So, for me, that’s the other really important finding, that the machine learning algorithms are really pretty good, but they’re not good enough to replace the Doctor or the Psychologist or the Speech and Language Therapist. That we’re always going to need the Clinicians to add the rest of the assessments to really decide on what’s going on with a child and make our formulations. Professor Alessandro Vinciarelli I think a very important point that is emerging from the work we have been doing together with Helen, and also, partly with work I do on other mental health related problem, like depression, etc., is that probably the next decade, this is general for artificial intelligence, will be the decade where we bridge the gap between AI and users. In this moment, all these technologies are somewhat developed a bit with a technology centric approach. What does it mean? It’s developed by Engineers for Engineers, for people that have an AI literacy and so, people that are fundamentally already adept at using these technologies.
While the very important thing will be to develop this and partly with Helen, we did it already through this type of game we design in order to interface the test with the computers. It will be important to make it sure that these technologies communicate the results in a way that can be used to the Clinician, in a way that the Clinician can rely on it without over rely on it, so always while keeping the critical sense and the ownership of the diagnostic process. And this is going to be extremely interesting because it is about human AI teaming and collaboration, right, which is still a very widely open type of such question.

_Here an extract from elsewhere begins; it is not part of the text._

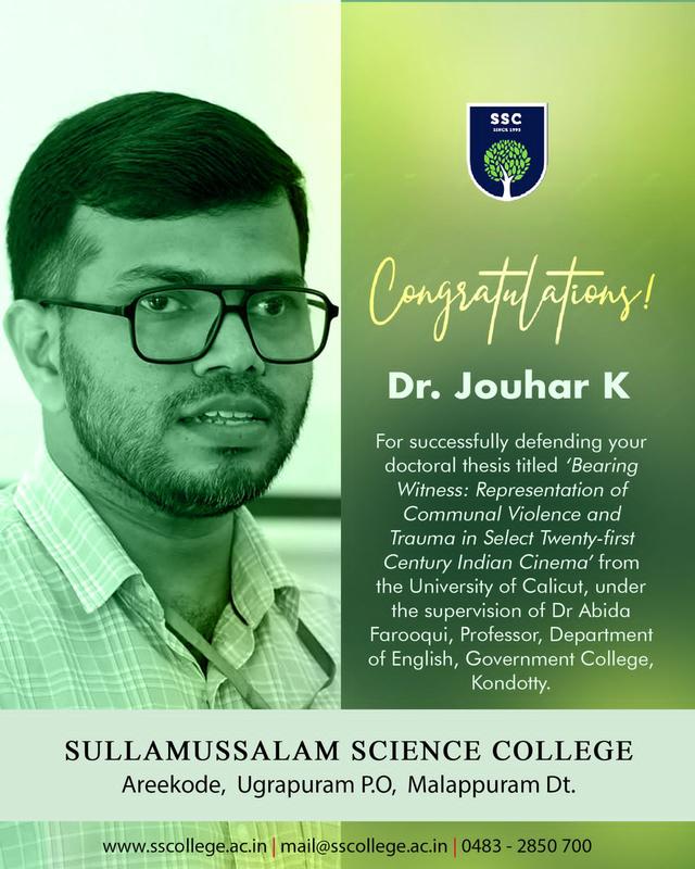 Successfully defended his Ph.D Viva Voce from Research Department of Computer Science, Sullamussalam Science College Areekode affiliated to University of Calicut on the topic A personalised Malayalam travel recommendation model using deep clustering techniques.

So, I would say the most interesting point is that we have this gap to bridge. It is probably what is going to finally help us to have this type of work applied and used. Jo Carlowe Focusing on that, so this is the translation of AI into clinical practice, this is something you mentioned earlier, Helen, when you said that formal attachment assessments, such as the Strange Situation Procedure and the Manchester Child Attachment Story Task, they’ve been used for decades in clinical research. But because they’re costly and time consuming, they’re rarely used in clinical practice. So, do you envisage social AI technology bridging that gap and how so? How do you see that translation happening?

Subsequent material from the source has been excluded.